October 11, 2017 / 7:09 PM / a year ago

Dassault CEO not yet considering alternative engine suppliers

FILE PHOTO: Eric Trappier, Dassault Aviation CEO, poses for pictures in front of an Dassault Rafale C fighter during the 51st Paris Air Show at Le Bourget airport near Paris, June 15, 2015. REUTERS/Pascal Rossignol

LAS VEGAS (Reuters) - Dassault Aviation (AVMD.PA) Chief Executive Eric Trappier said he wants to hear how aerospace group Safran SA (SAF.PA) will tackle engine development issues that have delayed the French planemaker’s latest business jet before considering alternative suppliers.

“For the moment we are waiting to see whether Safran are able to tell us how they will try to minimize the impact,” he told Reuters.

Dassault is keeping its options open for the new long-range Falcon 5X business jet, Trappier said on the sidelines of a company event in Las Vegas during the National Business Aviation Association’s (NBAA) flagship gathering this week.

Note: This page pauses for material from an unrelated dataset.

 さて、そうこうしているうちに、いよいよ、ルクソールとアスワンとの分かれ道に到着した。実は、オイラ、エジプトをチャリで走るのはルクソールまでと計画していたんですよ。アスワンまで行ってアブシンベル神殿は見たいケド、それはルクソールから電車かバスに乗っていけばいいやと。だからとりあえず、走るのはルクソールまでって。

Safran was not immediately available for comment.

Earlier this week, Trappier said that the business jet, which had already been delayed to 2020, would have to be postponed again, after Safran informed Dassault of performance issues with the high-pressure compressor.

Trappier said Dassault has an execution contract with Safran over the new Silvercrest engine used to power the long-range jets, but he declined to say whether the French planemaker would receive compensation for the delays because such talks are confidential.

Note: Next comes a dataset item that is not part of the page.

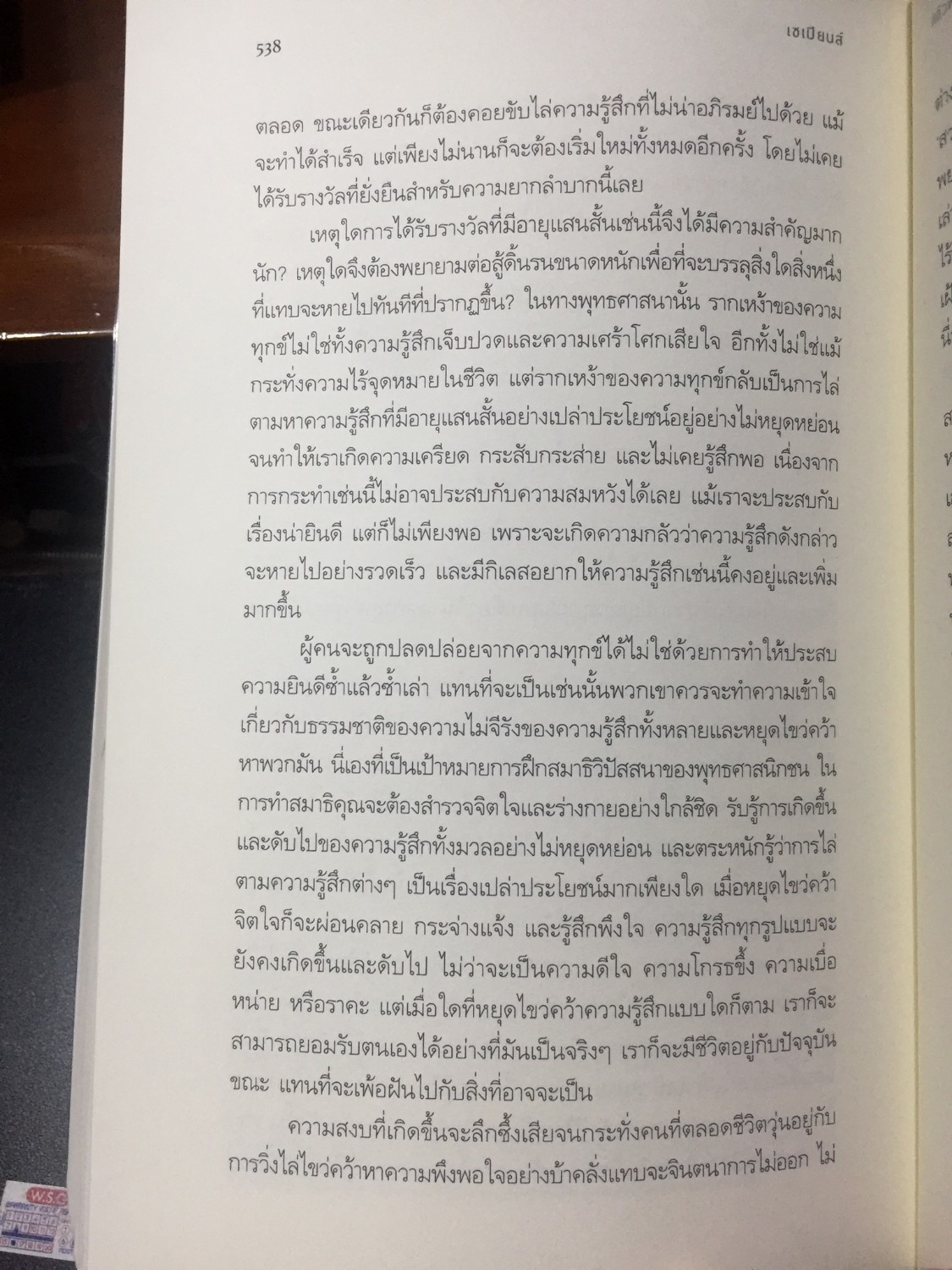 เหตุใดการได้รับรางวัลที่มีอายุแสนสั้นเช่นนี้จึงได้มีความสำคัญมากนัก? เหตุใดจึงต้องพยายามต่อสู้ดิ้นรนขนาดหนักเพื่อที่จะบรรลุสิ่งใดสิ่งหนึ่งที่แทบจะหายไปทันทีที่ปรากฏขึ้น? ในทางพุทธศาสนานั้น รากเหง้าของความทุกข์ไม่ใช่ทั้งความรู้สึกเจ็บปวดและความเศร้าโศกเสียใจ อีกทั้งไม่ใช่แม้กระทั่งความไร้จุดหมายในชีวิต แต่รากเหง้าของความทุกข์กลับเป็นการไล่ตามหาความรู้สึกที่มีอายุแสนสั้นอย่างเปล่าประโยชน์อยู่อย่างไม่หยุดหย่อนจนทำให้เราเกิดความเครียด กระสับกระส่าย และไม่เคยรู้สึกพอ เนื่องจากการกระทำเช่นนี้ไม่อาจจะประสบกับความสมหวังได้เลย แม้เราจะประสับกับเรื่องน่ายินดี แต่ก็ไม่เพียงพอ เพราะจะเกิดความกลัวว่าความรู้สึกดังกล่าวจะหายไปอย่างรวดเร็ว และมีกิเลสอยากให้ความรู้สึกเช่นนี้คงอยู่และเพิ่มมากขึ้น

Trappier also said he viewed the possibility of selling Dassault’s Rafale fighter jets to the Canadian government as an opportunity for “strong cooperation” between Canada and France. The Rafale could be partly built in Canada, he said.

Earlier this year, Canada froze talks on the planned purchase of 18 F-18 Super Hornet jets from Boeing Co (BA.N) for more than $5 billion, after the company launched a trade challenge accusing Montreal-based Bombardier Inc (BBDb.TO) of dumping its new CSeries airliners into the U.S. market.

Canada needs the 18 jets to act as a stopgap measure until it is able run an open competition to replace its veteran CF-18 fighters, a process that could take five years. The CF-18 is the Canadian version of the F-18 Hornet, a design that is 40 years old.